そのうち、浜松城で過ごした期間は29~45歳までの17年。この江戸幕府の原点ともいえる浜松の地では、彼と関わった女性たちの痕跡を今もなお見ることができます。正室・築山御前、側室・於万の方(長勝院)、そして敵将の正妻……彼をとりまく3人の女性たちとそれにまつわるエピソードを、浜松在住の筆者がご紹介します。

悲運の正室・築山御前

西来院所蔵

今川義元の義妹と、その一族の有力な家臣・関口親永との間に生まれた娘は、当時住んでいた地名から瀬名姫と呼ばれ成長します。

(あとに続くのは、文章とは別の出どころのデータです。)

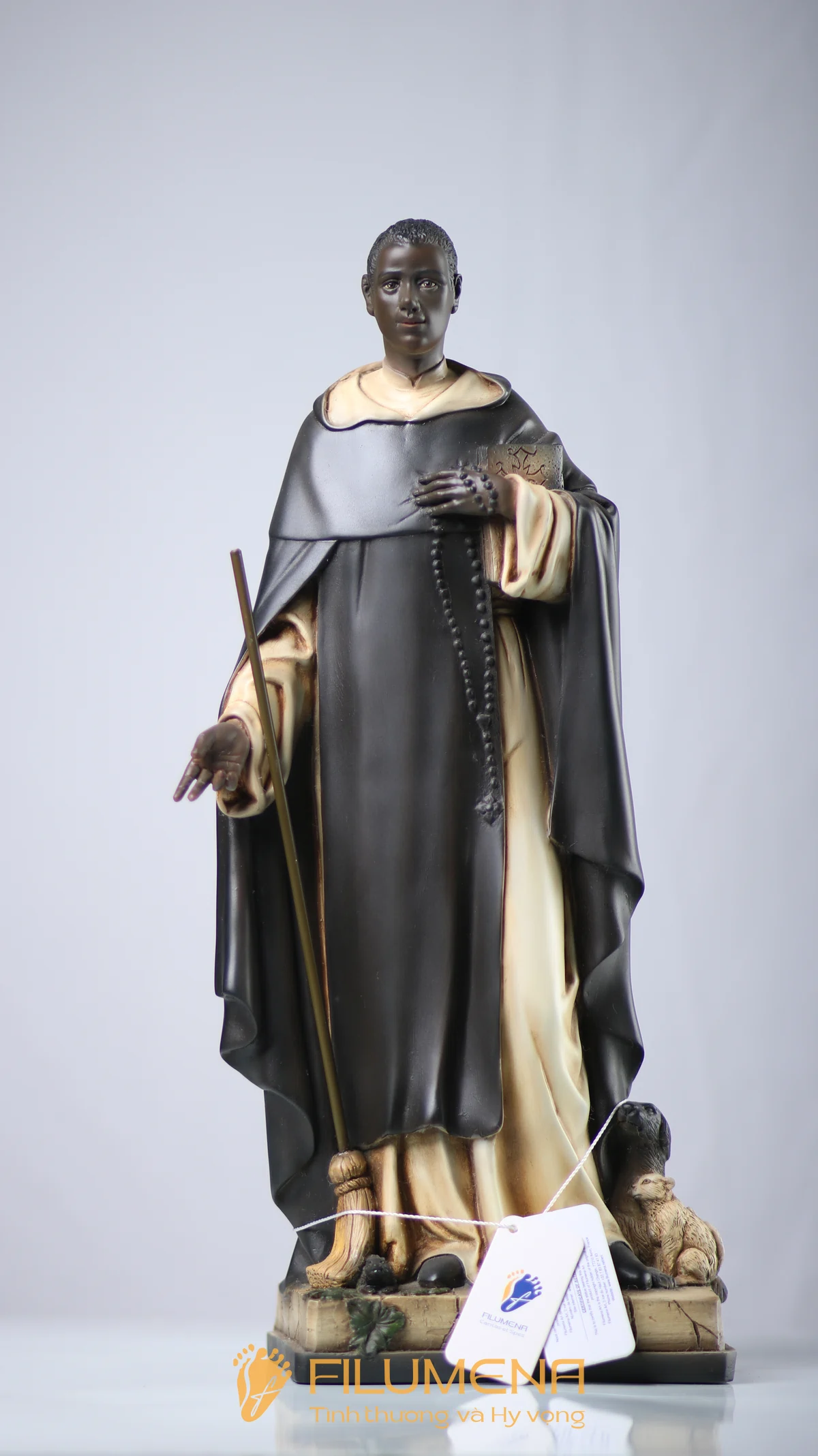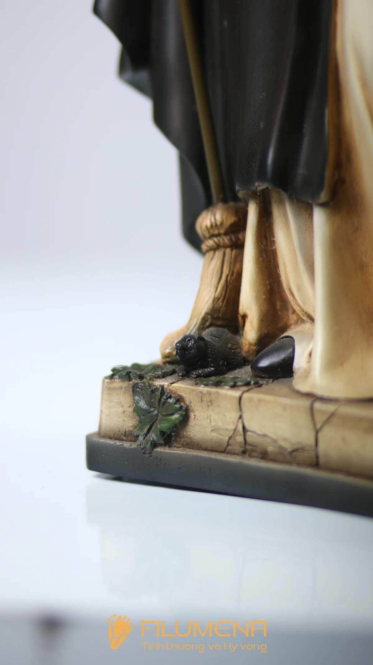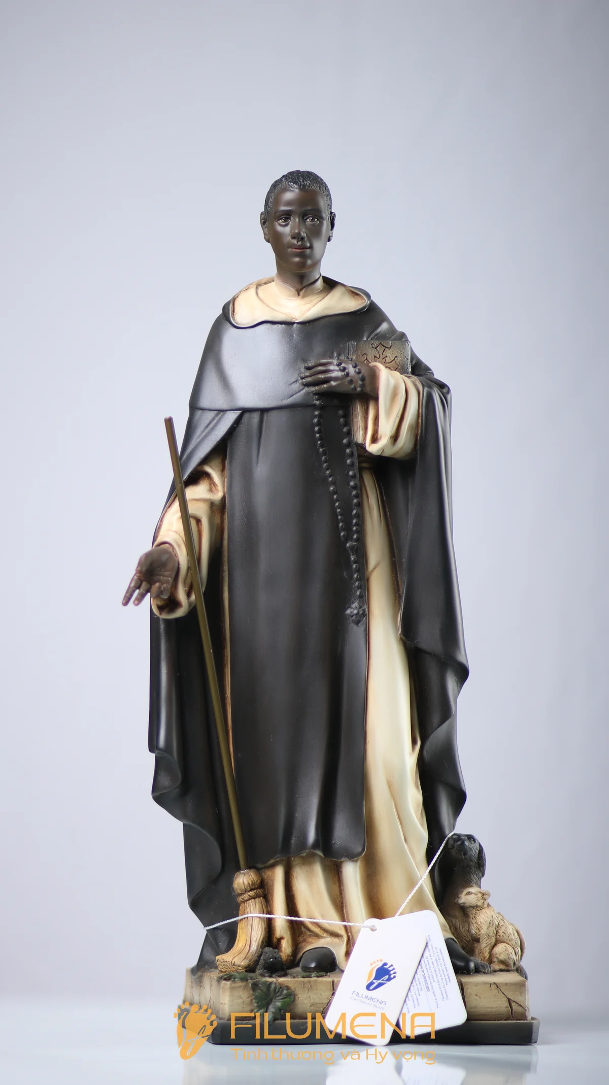 Tượng Thánh Martinô de Porres 40 cm do Filumena sáng tác khắc họa hình ảnh vị thánh da màu khiêm nhường, hiền lành và đầy lòng xót thương với người nghèo và bệnh nhân. Thánh nhân khoác trên mình tu phục Dòng Đa Minh, dáng đứng nhẹ nhàng, tay ôm cây chổi quen thuộc – biểu tượng của tinh thần phục vụ trong những việc nhỏ bé nhất. Bên chân ngài là những con vật thân quen (chó, mèo, chim bồ câu…) gợi lại câu chuyện Thánh Martinô chăm sóc và yêu thương mọi loài thụ tạo.
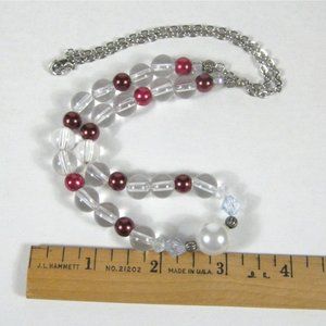 UPCYCLED Plastic Glass Beaded Necklace 24 inch Strand Jewelry Silvertone Chain

この瀬名姫がのちに家康の正室となる築山御前(築山殿)です。生まれ年は分かりませんが、家康と同い年だったとも、姉さん女房だったともいわれています。
一方、岡崎城主の嫡子として生まれたものの駿府の今川家で人質生活を送っていた家康(当時は竹千代)は、元服して元信と名を改めた2年後の弘治3(1557)年に築山御前(当時は瀬名姫)と婚姻しました。翌年には元康と改名し、永禄2(1559)年には長男・信康が誕生。さらに永禄3(1560)年には長女・亀姫も誕生。

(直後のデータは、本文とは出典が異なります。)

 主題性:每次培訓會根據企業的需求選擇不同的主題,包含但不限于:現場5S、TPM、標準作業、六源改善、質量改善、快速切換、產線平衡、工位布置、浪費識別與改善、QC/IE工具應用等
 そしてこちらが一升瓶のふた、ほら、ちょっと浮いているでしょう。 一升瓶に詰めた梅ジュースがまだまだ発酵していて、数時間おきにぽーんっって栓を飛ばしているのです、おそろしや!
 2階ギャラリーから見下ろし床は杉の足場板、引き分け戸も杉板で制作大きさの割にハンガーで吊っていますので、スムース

……というと、なんだか幸せな結婚生活のように思えますが、そこは戦国の世。亀姫誕生の約半月前に起こった桶狭間合戦により、築山御前と血縁関係にあった今川義元が戦死。今川方の拠点・大高城に兵糧入りしていた家康は敗走し、駿府には戻らず岡崎城に入ってしまいます。
「岡崎城って家康(当時は元康)の生まれた城でしょ? 入るって何!? 」と思われても不思議はありませんが、当時の岡崎城は今川方の支城のひとつ。義元戦死の報に驚いた今川軍が放棄し、城主不在となっていたのです。無事に岡崎城を奪還した家康は、その後も駿府へは帰りませんでした。

とすると、駿府に残された築山御前母子はどうなるのでしょうか。合戦が終わっても、待てど暮らせど夫君たる家康は赤子を抱えた彼女のもとには帰ってきません。それどころか彼は故郷の岡崎城で、義元を討った織田信長と同盟を結んでしまいます。
今川家から見れば、信長は敵将。そこと手を結んだ家康の妻子は、いつ殺されてもおかしくない状況です。幸いにもこの時には家康の家臣・石川数正が策士ぶりを発揮し母子を救出、岡崎へ連れ帰ります。数正、グッジョブです。

瀬名姫から築山御前へ。名の謂れは…

無事に岡崎入りした築山御前ですが、最初の住まいは岡崎城内ではなく、城外にある総持寺の築山近くでした。そう、築山御前という呼び名はそこから付けられたようです。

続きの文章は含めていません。